Víctor es un hombre mayor que vive solo en el amplio y polvoriento piso familiar de Madrid, rodeado de objetos, recuerdos y un espejo que ya no soporta mirar. Antiguo montador de cine que trabajó censurado bajo el franquismo, guarda la memoria de un pequeño acto de rebeldía juvenil —unos metros de película robada y verdadera— que le costó el destierro y décadas de vida errante entre países ajenos. De vuelta en España, sin familia, sin oficio y con el cuerpo rindiéndose pieza a pieza, ha encontrado una manera peculiar de no estar solo: anunciar la venta de la casa que nunca entregará, para que agentes inmobiliarios y compradores curiosos desfilen por su salón cada jueves y le hagan compañía un rato.
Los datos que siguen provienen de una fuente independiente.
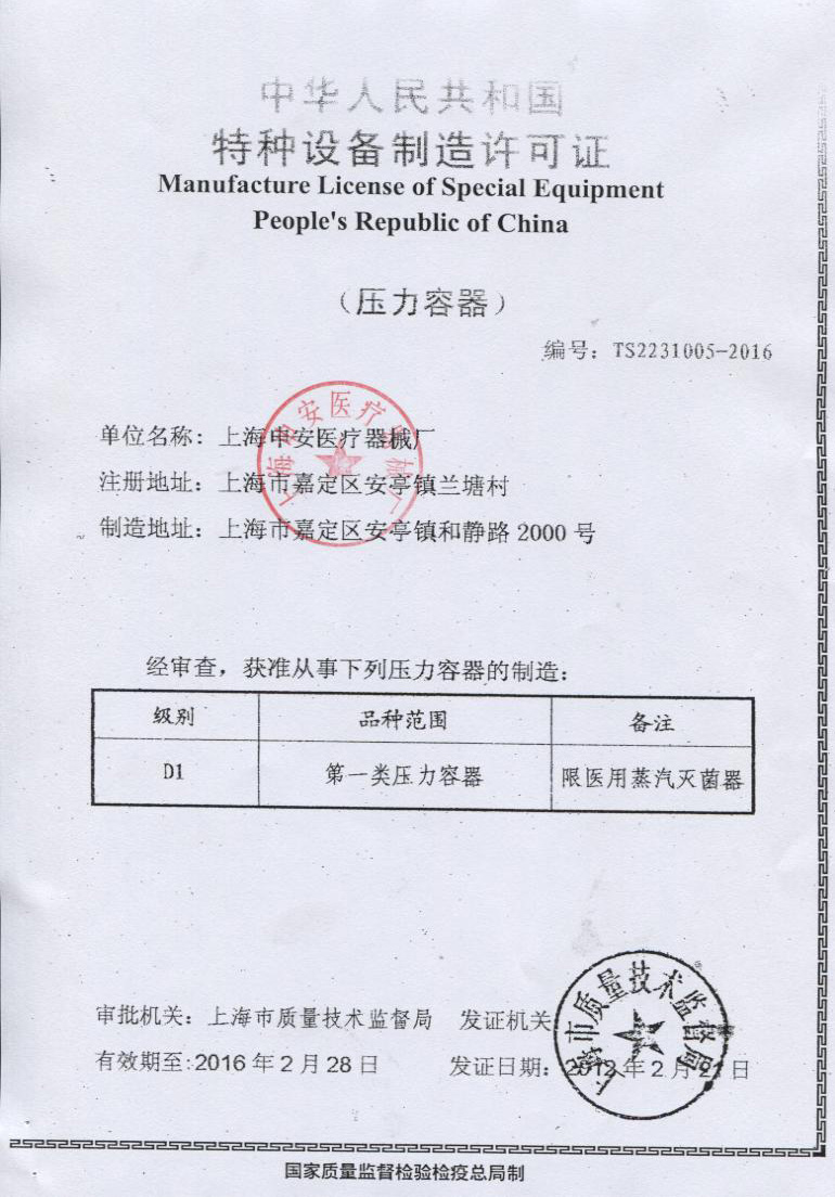 本品符合國家對壓力容器設(shè)計與制作的相關(guān)規(guī)定,并取得了食藥監(jiān)產(chǎn)品注冊證和消毒產(chǎn)品衛(wèi)生許可證,是我廠研制開發(fā)的新一代手提式滅菌器,其結(jié)構(gòu)先進可靠,具有快捷簡便的操作方式和功能齊全的控制系統(tǒng),在安全控制上;設(shè)置了鍋內(nèi)有壓力自動鎖蓋及誤操作合蓋不升壓的裝置。本產(chǎn)品采用優(yōu)質(zhì)不銹鋼材料精制而成,滅菌指標(biāo)達(dá)到國家醫(yī)用手術(shù)級標(biāo)準(zhǔn),是各醫(yī)療衛(wèi)生、大專院校、食品化工、生物科研等單位對器械、敷料、藥液、食品器皿、培養(yǎng)基等物品進行消毒滅菌的理想產(chǎn)品。
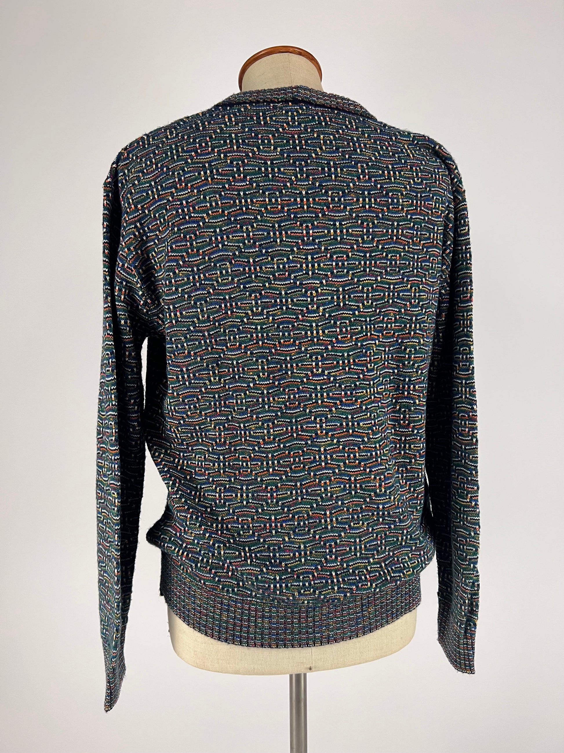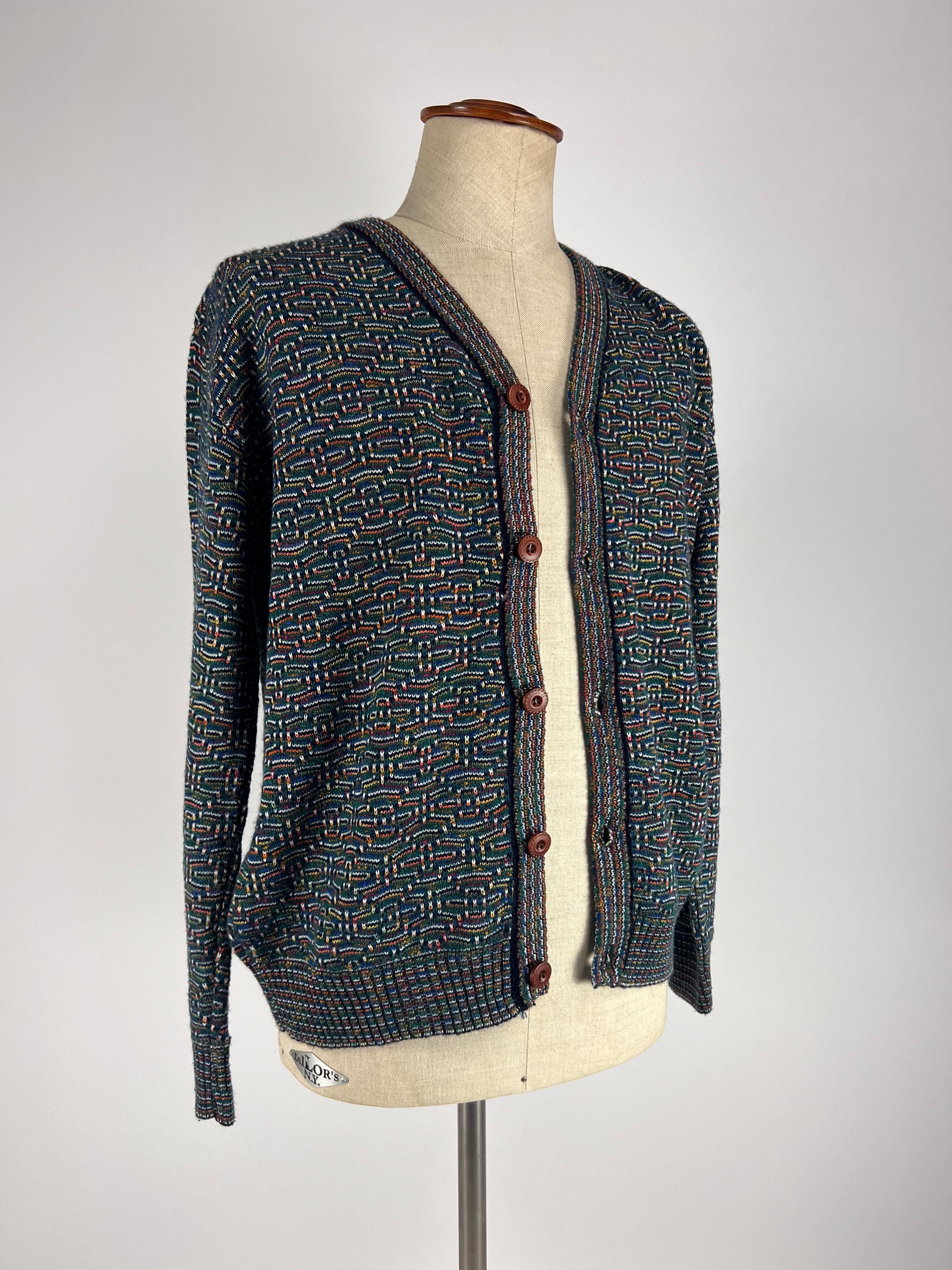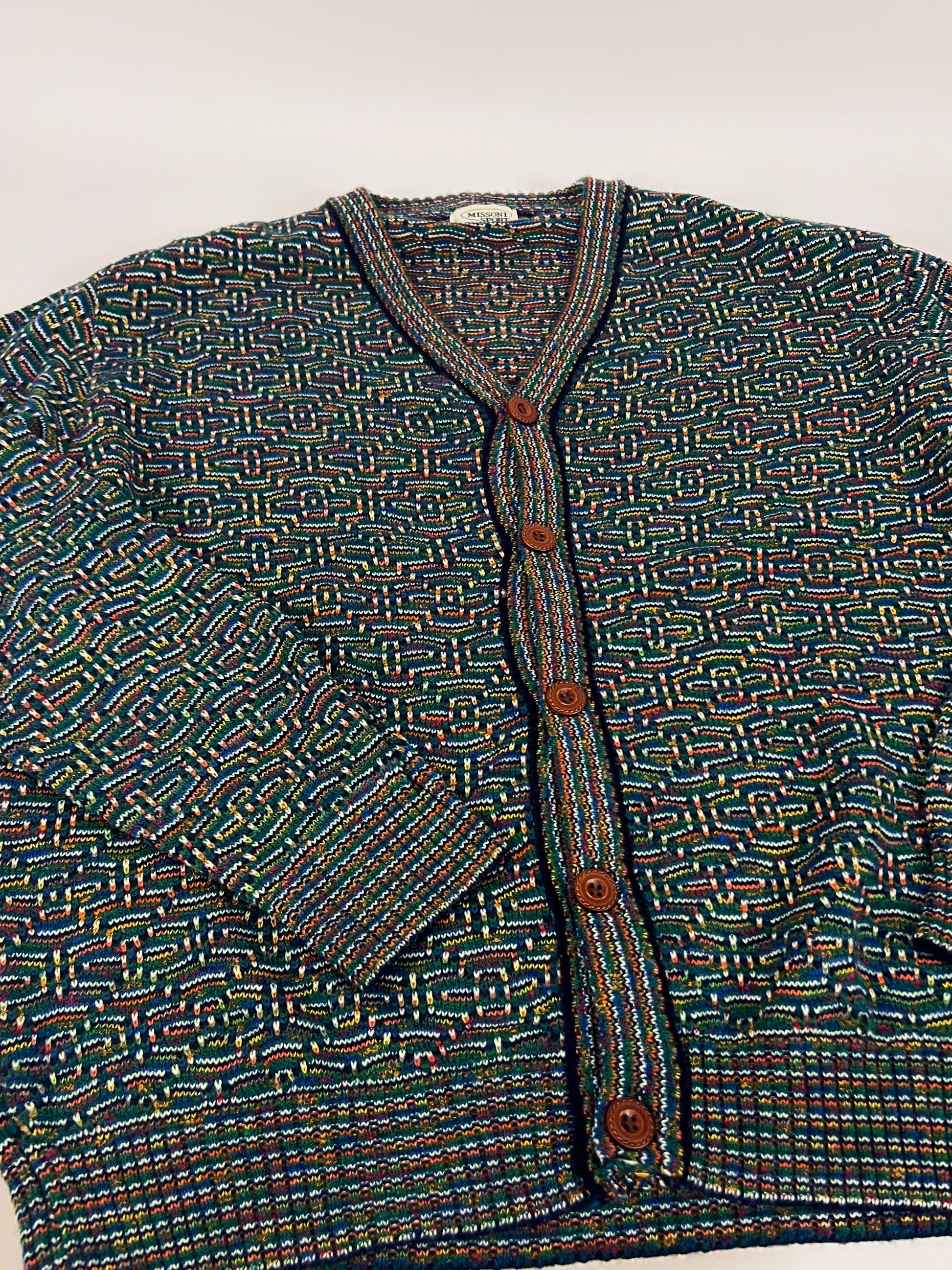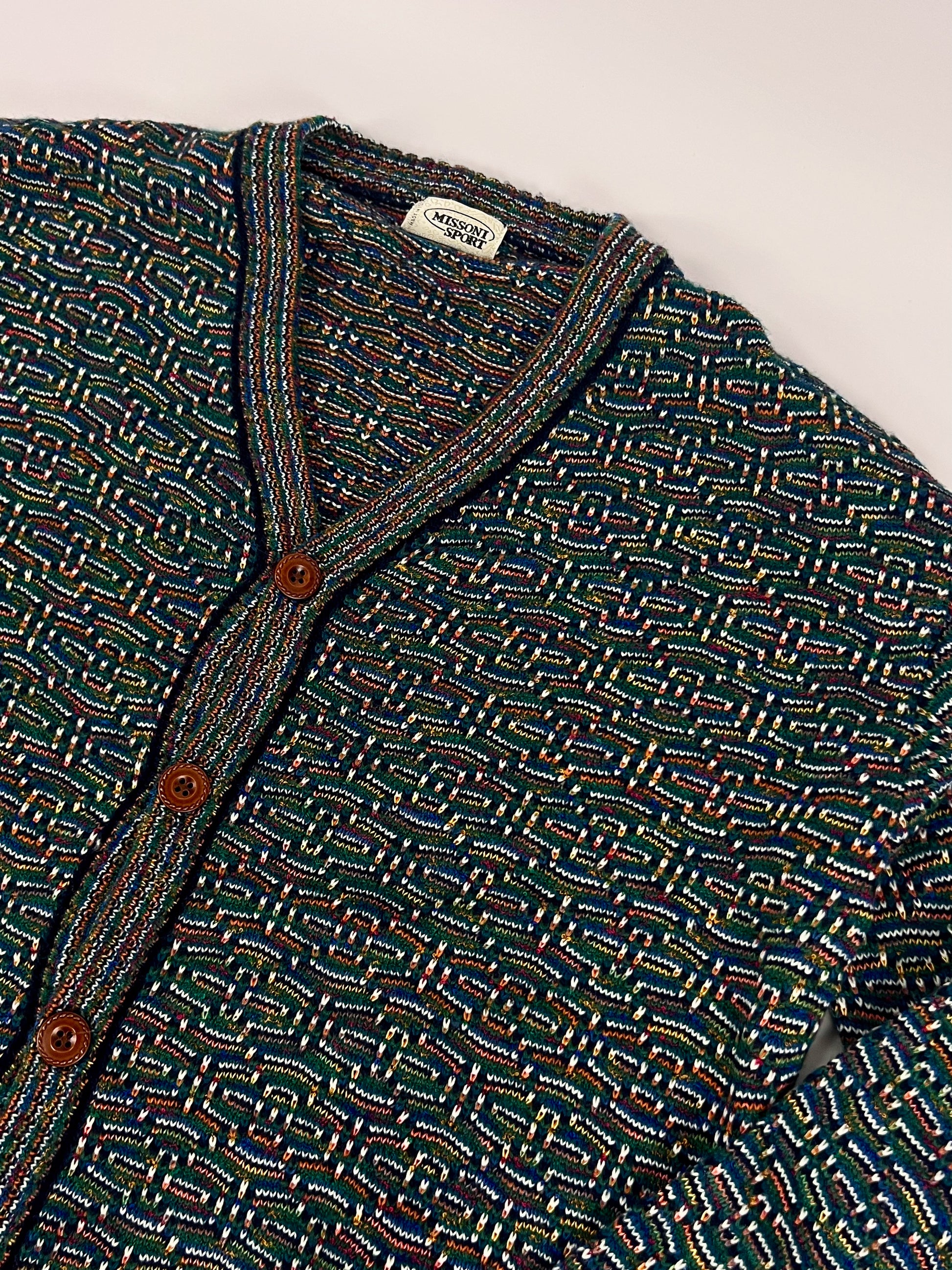 Realizzato in un pregiato filato misto lana e acrilico, offre una texture calda, morbida e elasticizzata, tipica della maglieria Missoni degli anni '80.
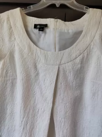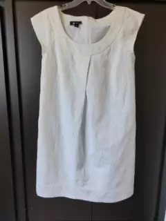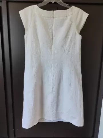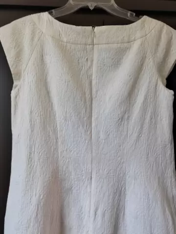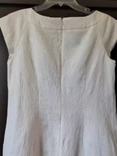 Hermoso vestido blanco, estilo de los años 60', trae cierre en la parte de atrás, tiene un pequeño doblez en la parte de enfrente, trae forro, la tela está grabada de girasoles.
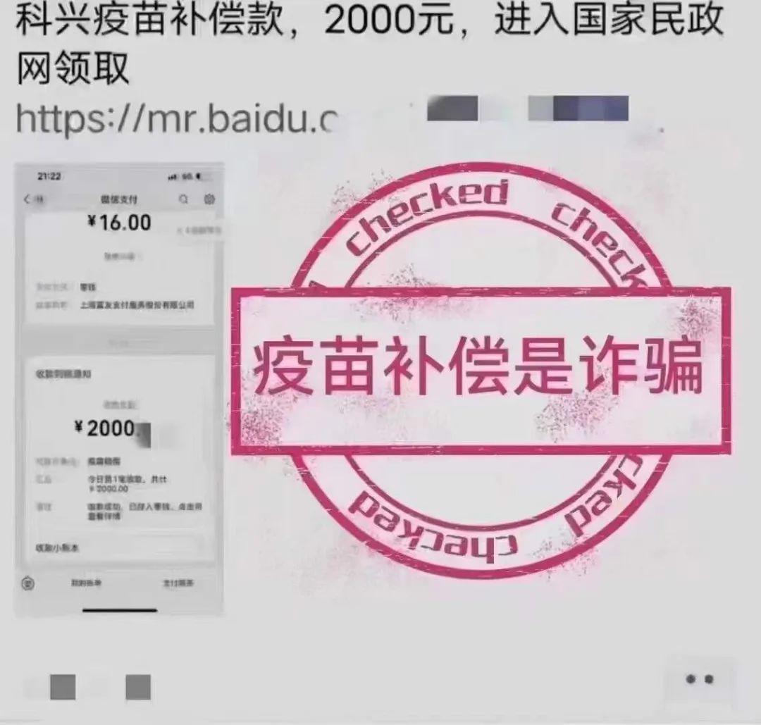 近日,多地警方提醒:科兴疫苗补偿2000元,是新型诈骗手法,不要理会,不要点击!提醒身边的亲戚朋友们,凡事要银行卡号、输入验证码、活动返利的,就是诈骗!
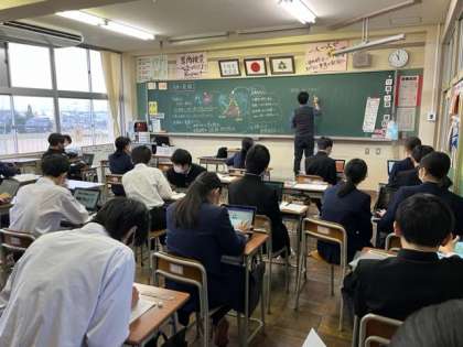 写真上:2年1組 理科 「クロムブックを出して、黒板に書いたページを検索してください」
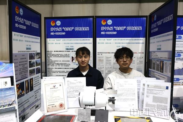获挑战杯全国二等奖的《“微型火墙——一种民用航空器动力装置舱体抗烧穿超薄防火涂层》 团队带着项目作品及专利等在现场展示
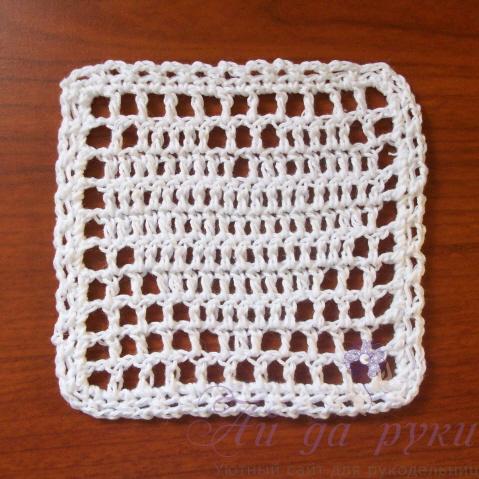 Такие небольшие образцы в технике филейного вязания могут быть использованы самостоятельно, в качестве подставки или салфетки, или как один элемент вязаного покрывала. Размер салфеточки составляет 9 х 9 см.

La novela avanza con un pulso ágil y cinematográfico, alternando la voz interior de Víctor —lúcida, sarcástica, consciente de su propia decadencia— con escenas corales llenas de personajes menores que aportan comicidad y contraste: una joven e ingeniosa agente inmobiliaria que maneja sus jefas y a sus clientes con la misma soltura; un periodista primerizo encargado de obituarios que busca una última entrevista; un matrimonio de abogados que visita el piso con motivaciones muy distintas; un portero rígido y sudoroso incapaz de tomar decisiones; y una tripulación de ambulancia que, entre bocadillos y anécdotas turbias, trata a los pacientes con la misma indiferencia con la que comenta su vida nocturna.
El relato se precipita cuando, durante una visita concertada, la casa aparece en un silencio inquietante: Víctor no responde al timbre ni al teléfono, y su ausencia obliga a los presentes —agente, compradores y portero— a franquear la puerta que él jamás abre a nadie. Lo que encuentran, entre la extrañeza, el pánico y una comicidad amarga, desnuda de golpe la soledad que Víctor había disfrazado de teatro social, y la novela vira hacia una reflexión, tan tierna como descarnada, sobre la vejez, la dignidad y la manera en que cada uno decide mirar de frente —o esquivar— su propio final.
Con un estilo directo, casi de guion, y un humor que brota de lo trágico y de lo vulgar a partes iguales, la obra propone que ante la certeza de la muerte solo queda una respuesta posible: sostener, hasta el final, algo de nobleza.